# [Data below]
···
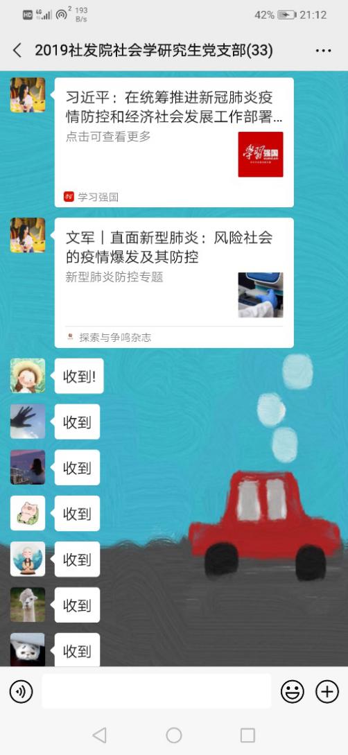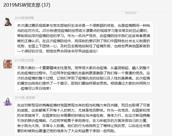 社会工作硕士研究生党支部邀请支部党员花雅霏、袁枫、王皓、刁祈月四位同学,讲述他们在抗疫一线担任志愿者的经历和心得体会。一线抗疫的党员分享结束后,其它支部党员分别以在线语音和群内文字两种方式进行了充分的交流。此外,支部党员还共同学习了习近平总书记在统筹推进新冠肺炎疫情防控和经济社会发展工作部署会议上的重要讲话精神,并观看了《20分钟速览疫情防控思政大课要点》。
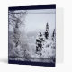 A photograph showing just a glimpse of the mountain lake through snow-covered fir trees. This landscape picture is digitally manipulated to look like a watercolor.
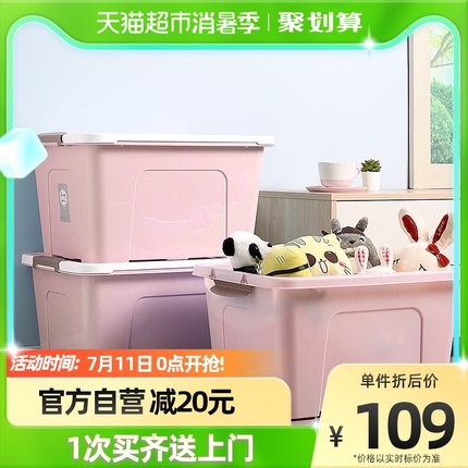 美丽雅 家用带轮塑料收纳箱 62L*3个+洁成手提垃圾袋90只新低74.03元包邮(收纳箱22.11元/个)
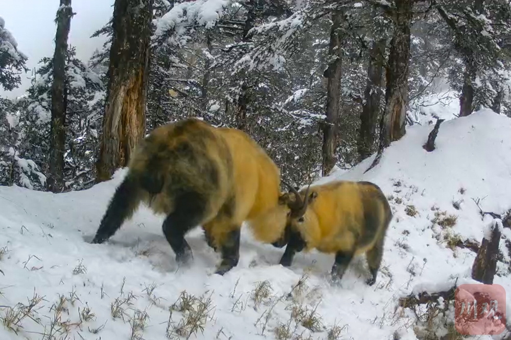 近日,大熊猫国家公园芦山县管护总站工作人员在查看超短波传输红外相机时,发现架设在该县大川镇的红外相机拍摄到两只羚牛雪地“打架”的影像画面。画面中,两只正在“打架”的羚牛体格健硕,牛角相抵,进退间激起阵阵雪雾。
···
# [Task to carry out]
The required output is the line containing "美丽雅 家用带轮塑料收纳箱 62L*3个+洁成手提垃圾袋90只新低74.03元包邮(收纳箱22.11元/个)" plus every line after it to the end of the data, copied exactly and with no pictures.

# [Response box]
 美丽雅 家用带轮塑料收纳箱 62L*3个+洁成手提垃圾袋90只新低74.03元包邮(收纳箱22.11元/个)
 近日,大熊猫国家公园芦山县管护总站工作人员在查看超短波传输红外相机时,发现架设在该县大川镇的红外相机拍摄到两只羚牛雪地“打架”的影像画面。画面中,两只正在“打架”的羚牛体格健硕,牛角相抵,进退间激起阵阵雪雾。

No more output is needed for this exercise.